There are other added bonuses with this suite. The individual components support RSA SecurID and RSA Single Sign On. You can bypass individuals or groups as needed, so they won't face the same enforced rules regarding attachments, navigation events or session timers. The rules within the individual components are completely configurable; you can add new rules as needed. So, say you have one group for which you want to impose a limit of 2MB per attachment and another group that should be limited to 5MB. With the OWA Suite, this is easy to do.

There were a couple of problems with the suite, but it's important to note that they were not necessarily due to the way the software has been coded.

Every change you make to the configuration for any of the components requires either a 15-minute wait for the settings to refresh or a restart of the World Wide Web Publishing service. However, I can't actually picture a scenario in which an IT pro working with Exchange would regularly need to make ad hoc changes to the configurations. The majority of configurations would be performed at the initial install, with additional configurations performed at a scheduled time where users would not notice that the OWA site is temporarily unavailable. In addition to this, most organizations have a load-balanced or clustered OWA infrastructure, so having one server down for less than a minute would not cause a problem.
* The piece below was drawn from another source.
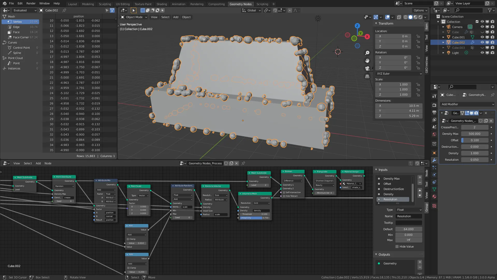 원본 메쉬의 Geometry데이터를 불러와서 Point Distribute로 Geometry의 포인트(Edge Grease)들을 불어와서 Point Volume과 Volume tom Mesh로 서브메쉬를 만들고 그것을 원본에서 Boolean 하는 것입니다.

One feature I'd like to see would be better Active Directory integration when using the bypass option. Although it's easy to type in a group or user name, it's always nice to be able to browse the AD tree and select multiple users or groups in one move. In an environment with multiple OWA servers, this could be slightly annoying if it were not for the option to export the settings from all of the components. That option makes subsequent set up a simple matter of exporting the settings from one server, installing the component and importing the .ZIP file into the next server.

There's a time trade-off with the AttachView component. As the documents are rendered on the server, the resulting screen takes slightly longer to reach the user, though this is a matter of a few seconds. Also, I was testing within a virtualized environment. Nevertheless, waiting a few seconds with the knowledge that my data is safe is not a problem for me in the least. Security restrictions always have a time cost; Messageware's product keeps that cost to a respectable minimum.

Installation: 20%
Features: 20%
Ease of Use: 20%
Administration: 20%
Documentation: 20%
Overall Rating:

Key: 1: Virtually inoperable or nonexistent  5: Average, performs adequately   10: Exceptional

The final issue was the matter of IIS7 compression. I can't help but feel that Messageware should have been aware of this earlier. To its credit, the company did work tirelessly to get this working for me, and if I were a paying customer I'd be very pleased to know that the tech support guys are hardworking. But finding the root cause of the problem more quickly would have been preferable.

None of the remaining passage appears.